EP by Mimi Webb
- Released: 22 October 2021
- Length: 22:10
- Label: Epic

Mimi Webb chronology
|  | Seven Shades of Heartbreak (2021) | Amelia (2023) |

Singles from Seven Shades of Heartbreak
- "Good Without" Released: 26 March 2021; "Dumb Love" Released: 11 June 2021; "24/5" Released: 10 September 2021; "Halfway" Released: 22 October 2021;

= Seven Shades of Heartbreak =

Seven Shades of Heartbreak is the debut extended play by British singer Mimi Webb.

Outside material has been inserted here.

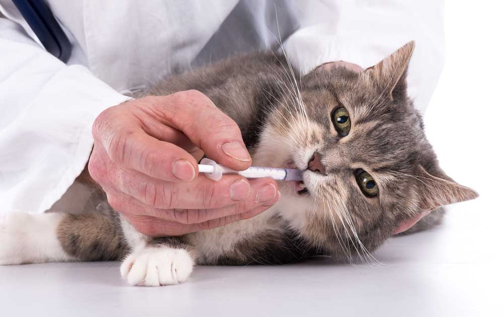 Больным кошкам обязательно давать их любимый корм и достаточное количество воды. Если питомец не ест, нужно кормить его принудительно. Для этого подойдет небольшая чайная ложечка. Ей набирают несколько кусочков влажного корма, заставляют зверя открыть пасть и вносят корм на основание языка. Дальше срабатывает глотательный рефлекс, и питомец получает необходимое количество пищи.

It was released on 22 October 2021 through Epic Records and peaked at number 9 on the British Chart.

==Track listing==

Seven Shades of Heartbreak track listing
| No. | Title | Writer(s) | Producer(s) | Length |
|---|---|---|---|---|
| 1. | "Dumb Love" | Mimi Webb; Amie Miriello; Garen Gueyikian; Johnny Black; | Johnny Black; Garen Gueyikian; | 3:26 |
| 2. | "24/5" | Webb; Fridolin Walcher; Sam Merrifield; | Freedo | 2:38 |
| 3. | "Little Bit Louder" | Webb; Sean Douglas; Benjamin Kohn; Pete Kelleher; Tom Barnes; | TMS | 2:35 |
| 4. | "Heavenly" | Webb; Andrew Jackson; Duck Blackwell; Nick Gale; | Digital Farm Animals; Duck; | 4:03 |
| 5. | "Halfway" | Webb; Cleo Tighe; Philip Plested; Kelleher; Barnes; Kohn; | TMS | 3:17 |
| 6. | "Good Without" | Webb; Walcher; Merrifield; | Freedo | 3:02 |
| 7. | "Lonely in Love" | Webb; Peter Rycroft; Andrew Murray; James Birt; James Murray; Mustafa Omer; Tom Mann; | Mojam; Lostboy; | 3:06 |

==Charts==

Chart performance for Seven Shades of Heartbreak
| Chart (2021) | Peak position |
|---|---|
| Irish Albums (OCC) | 18 |
| Norwegian Albums (VG-lista) | 27 |
| Scottish Albums (OCC) | 15 |
| Swiss Albums (Schweizer Hitparade) | 94 |
| UK Albums (OCC) | 9 |

==Certifications==

Certifications for Seven Shades of Heartbreak
| Region | Certification | Certified units/sales |
| Norway (IFPI Norway) | Gold | 10,000^{‡} |
| United Kingdom (BPI) | Silver | 60,000^{‡} |
^{‡} Sales+streaming figures based on certification alone.